Errrrrrr grose. Im not telling. yuck.

 
MatC
58337.  Thu Mar 09, 2006 8:34 am Reply with quote

Anybody ever eaten a turducken?

www.worldwidewords.org/weirdwords/ww-tur2.htm

This one looks like someone has eaten it, and sicked it up again:

www.thesalmons.org/lynn/turduck123.html

 
Molly Cule
58340.  Thu Mar 09, 2006 8:48 am Reply with quote

Natalie, a friend of mine working here says she and her family ate one for Christmas dinner and it was deliiiiiiiiicious. They are unlikely to return to Turkey after such a gastronomic treat. We can have a photo of her and her family scoffing one should we wish.

 
MatC
58344.  Thu Mar 09, 2006 9:06 am Reply with quote

Are there a lot of recipes which involve putting one animal inside another? I know that one of Hitler’s favourite dishes involved birds stuffed inside animals. (Or possibly vice versa; my copy of ‘Entertaining the Third Reich way’ is not to hand.)

 
Gray
58348.  Thu Mar 09, 2006 9:10 am Reply with quote

The (reputedly) Fattest Duck In The World, at Houston Zoo:

 
Molly Cule
58349.  Thu Mar 09, 2006 9:13 am Reply with quote

Goebbels tried to make out Hitler was a vegetarian.
But he was very fond of Bavarian sausage.
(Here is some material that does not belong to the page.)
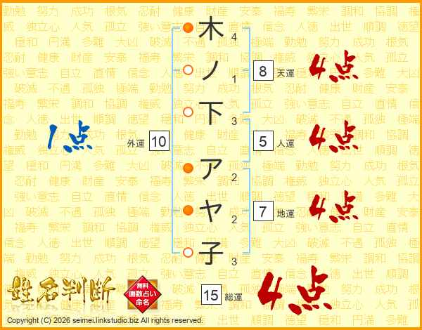 木ノ下アヤ子さんの総運は15画の4点!
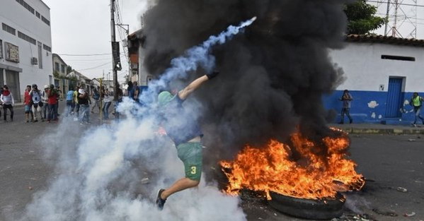 Video: Guaido và Maduro đang đụng độ tại biên giới. Lực lượng Vệ binh Quốc gia Venezuela đã bắn hơi cay vào cư dân đang cố gắng dọn chướng ngại vật trên cây cầu biên giới bị chặn giữa Venezuela và Colombia hôm thứ Bảy, 23-02-2019.

He also put cream and loads of sugar in his tea, apparently. Bit weedy.

 
MatC
61836.  Sat Mar 25, 2006 6:01 am Reply with quote

This is from the current edition of the excellent “World Wide Words” e-newsletter:

2. Weird Words: Anatine
Resembling or characteristic of a duck.
There's a whole set of adjectives derived from Latin that refer to animals, of which the most common are "bovine", relating to the ox, "ovine" for sheep, and "lupine" for fox. Others are "murine" for mouse, "leporine" for hare, "sciurine" for squirrel, "cervine" for deer, and "anserine" for goose.
"Anatine" is from Latin "anas", a duck. The principal stamping ground of this word is in scientific papers, in part because the zoological family containing the ducks is the Anatinae. However, it does very occasionally appear in literature. Perhaps its best-known recent manifestation is in Thomas Pynchon's novel Mason & Dixon of 1997: "I took refuge in wild theorizing,- if Angels be the next higher being from Man, perhaps the Duck had 'morphos'd into some Anatine Equivalent, acting as my Guardian,- purely, as an Angel might."

 
Flash
63508.  Sun Apr 02, 2006 7:17 pm Reply with quote

If we don't have a question which deals directly with ducking stools, they should go in the notes to the duck question.

Quote:
Ducking Stools were kept in nearly every village and town in England in the 18th century, as a punishment for mouthy women ('scolds'). They were either suspended from a bridge or (more normally) a tall post with a pivoted crossbeam on top. This represented a significant liberalisation from the previous sanction, which was the iron helmet / mask of the scold's bridle, which sometimes had tongue-pieces studded with spikes.

 
Gray
64857.  Tue Apr 11, 2006 9:30 am Reply with quote

Spotted by grizzly:

http://news.bbc.co.uk/1/hi/world/americas/3060579.stm

Quote:
A consignment of thousands of rubber ducks is expected to wash up any day on the coast of New England - after more than a decade at sea.

Thousands of rubber ducks floated across three oceans over 11 years
The ducks - along with other bathtub toys like beavers, turtles and frogs - fell overboard from a container ship en route from China to Seattle during a storm in 1992.

During the ducks' long voyage through three oceans, scientists have tracked their progress - and say it has taught them valuable lessons about surface currents.

"The ducks went around the North Pacific in three years - all the way from the spill site to Alaska, over to Japan and back to North America," said Curtis Ebbesmeyer, a retired oceanographer based in Seattle.


Question: What mysteries can ducks teach us?